130 In respect of the weight that can or should be given to the Boral test results, I do not accept the thrust of the respondents’ case. The respondents made much of the fact that the applicants obtained one set of test results from Boral which used one set of sieve sizes and another set of test results from Boral which used a different set of sieve sizes. There is no question that the second test was obtained by the applicants on instructions from Mr Carden and using additional sieves which Mr Carden purchased and asked Boral to use. The respondents’ submission is that the second test results must be disregarded for these reasons and also because the test sieves used on the second occasion are not sizes in accordance with AS 1141.

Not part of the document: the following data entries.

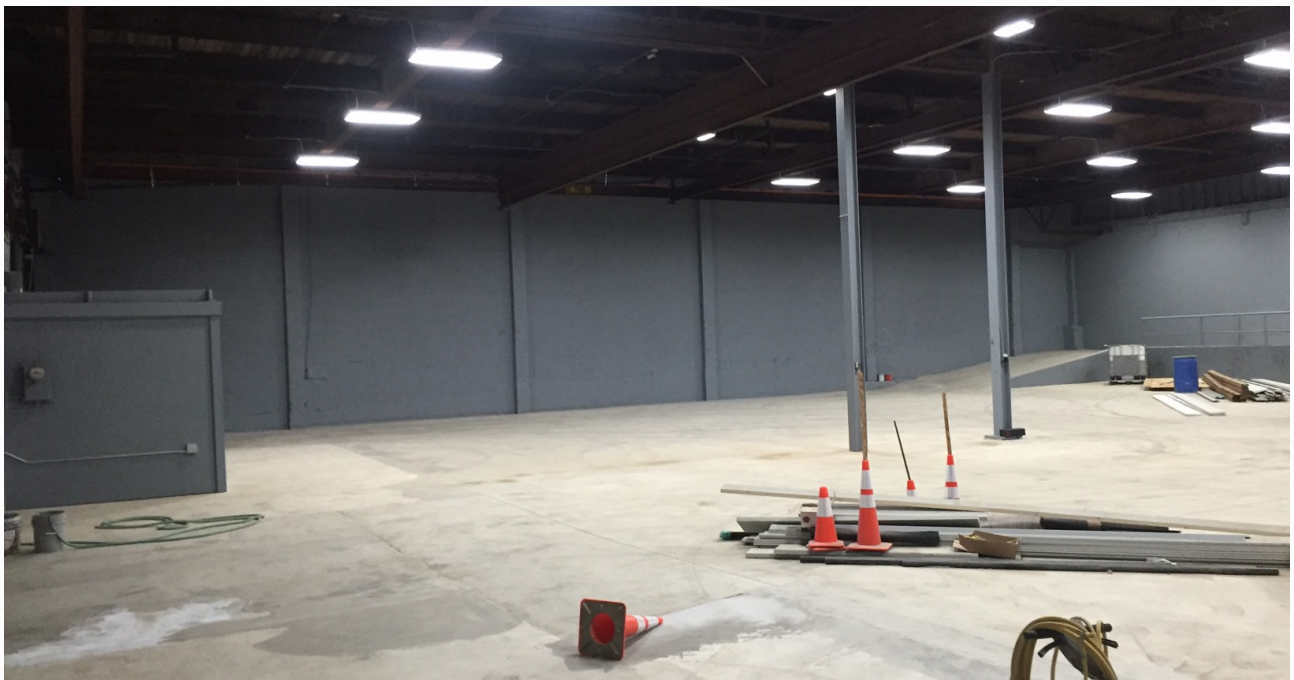
South side facing north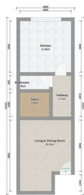
Sellywood Ground Floor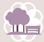
Landscaped Linear Park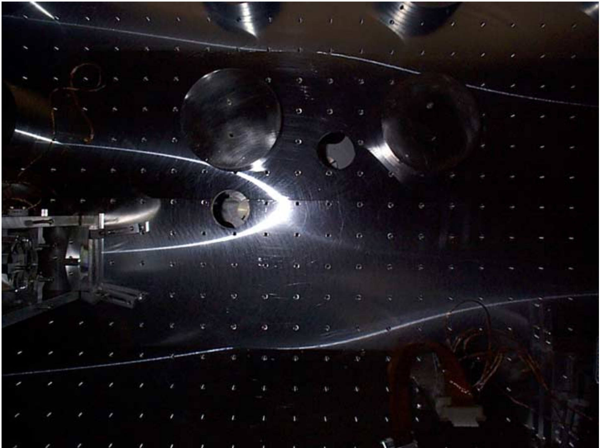
WHAM 8 May 19, 2000: 462. SW quadrant, +X @ right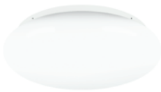
12in. & 16in. Low Profile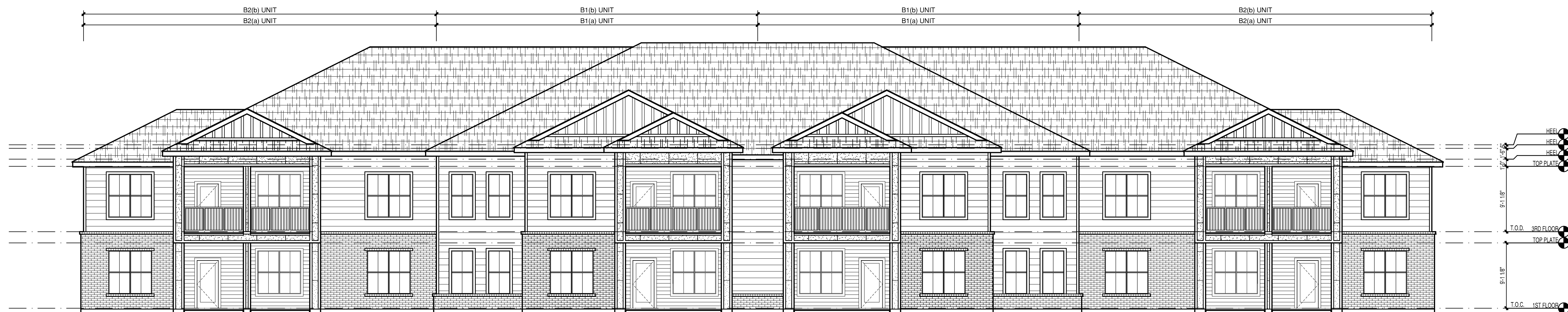
2 BUILDING A-ALT FRONT AND STREET SIDE ELEVATION (CEDAR CREEK ROAD FACING ELEVATION) SCALE 1/8"=1'-0"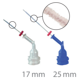
17 mm 25 mm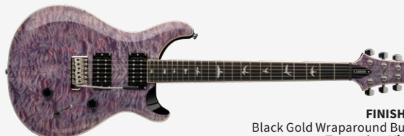
FINISHES: Black Gold Wraparound Burst, Turquoise, Violet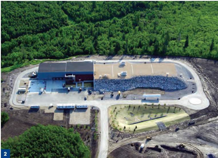
1. Completed NOvA experiment building in Minnesota. 2. The roof uses a six-inch layer of barite, which is 60 percent heavier than a six-inch layer of common granite, to shield the detector inside from cosmic rays. NOvA is a two-detector experiment with the smaller of the two, a 200-ton “near detector,” at Fermilab, and a 15,000-ton “far detector” 503 miles away in Ash River, Minn.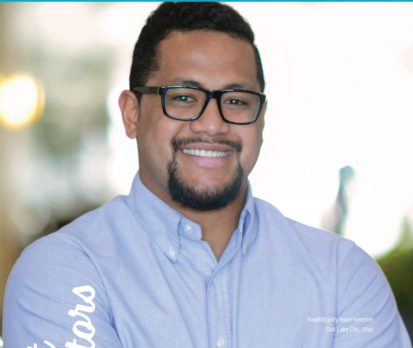
HealthEquity team member Salt Lake City, Utah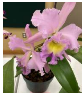
Rhy. Nacouchee Mission Valley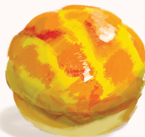
Cantonese: bo1 lo4 baau1 PINEAPPLE BUN 菠蘿包 Mandarin: bō luó bāo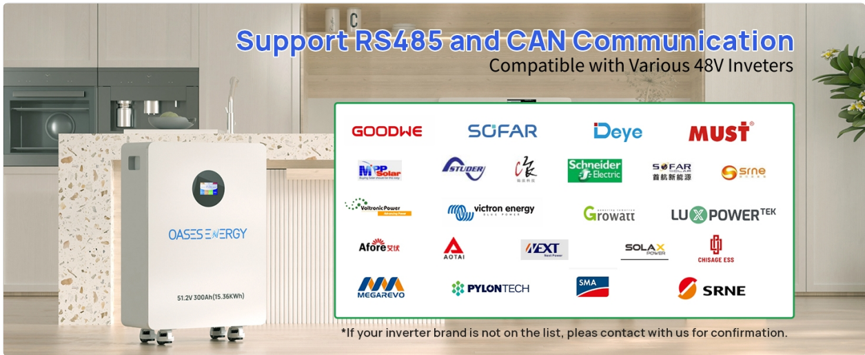
Figure 5.3: The Oasesenergy battery in a modern kitchen environment, emphasizing its seamless integration and communication capabilities with a wide range of 48V inverters.

The battery supports RS485 and CAN communication, enabling intelligent interaction with compatible 48V inverters. Refer to your inverter's manual for specific connection and configuration details. This communication allows for optimized charging, discharging, and system management.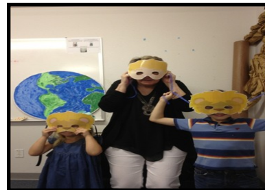
Three ferocious lions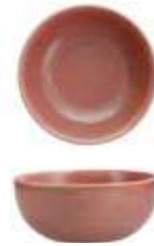
Bowl 6800.SND.1378 6", 24oz (15.2cm, .71L)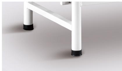
4 pcs Anti-slip bed feet covers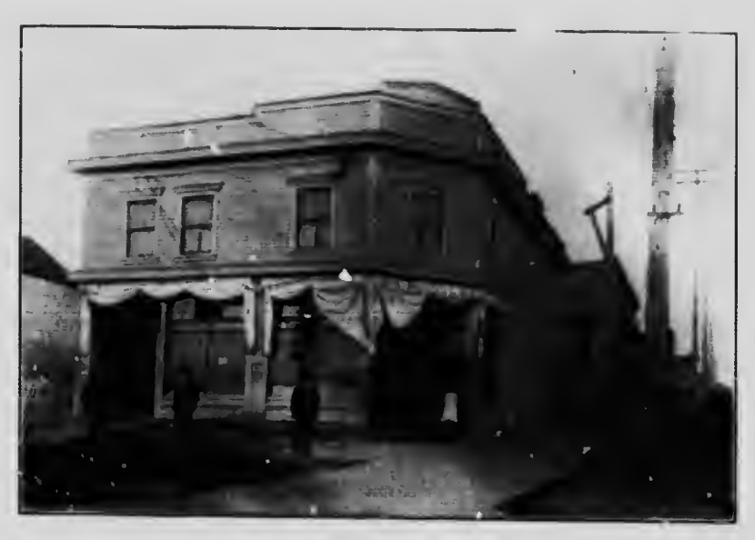
THE FIRST BUSINESS BLOCK IN NORTH VANCOUVER ERECTED BY THE WESTERN CORPORATION, LD.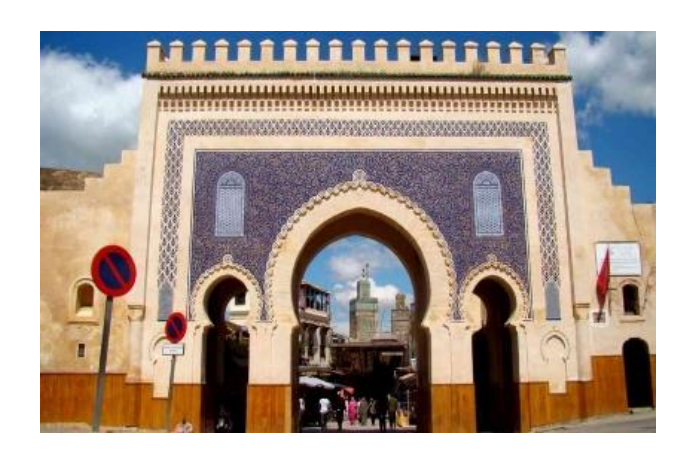
Figure 4,5, The most important landmarks of Fez historical wall of Fez city on the left, and Bab Bugled on the right

131 I disagree with these submissions. There was nothing improper about the conduct of the applicants, including Mr Carden. The fact that Mr Carden was not called to give evidence is immaterial. It is obvious that the test seizes initially used by Boral, in accordance with AS 1141, could provide little if anything meaningful about the issue to which the tests were intended to relate, being possible infringement of the claims of the patent. It is the parameters set by the claims of the patent which dictate, or should dictate, the relevant sieve sizes used. Provided the sieves are standard sieves properly calibrated (and in this case the evidence is that they were) it was open to the parties to perform tests using any sieve size they liked. The question would then be whether such a test provides anything meaningful to the integers of the claims in issue. Given that the integer in issue involves an average particle size within the range of 1.5-4.5 mm and a particle size distribution where the major component of the beads is within a relatively large incremental size range and a minor component of the beads is within a smaller incremental size range and the weight of beads in the large incremental size range is greater than the weight of beads within the small incremental size range, testing the respondents’ product using sieves of 75, 150, 300, 425, and 600 microns and 1.18 mm, 2.36 mm and 4.75 mm was always unlikely to produce any meaningful result. The sieve size of 4.75 mm is larger than the largest size in the integer and unsurprisingly 100% of the beads passed through that sieve. Ninety one per cent passed the 2.36 mm sieve and 2% passed the 1.18 mm sieve. The sieve sizes are unsuitable for providing meaningful information about the possible infringement of the claims.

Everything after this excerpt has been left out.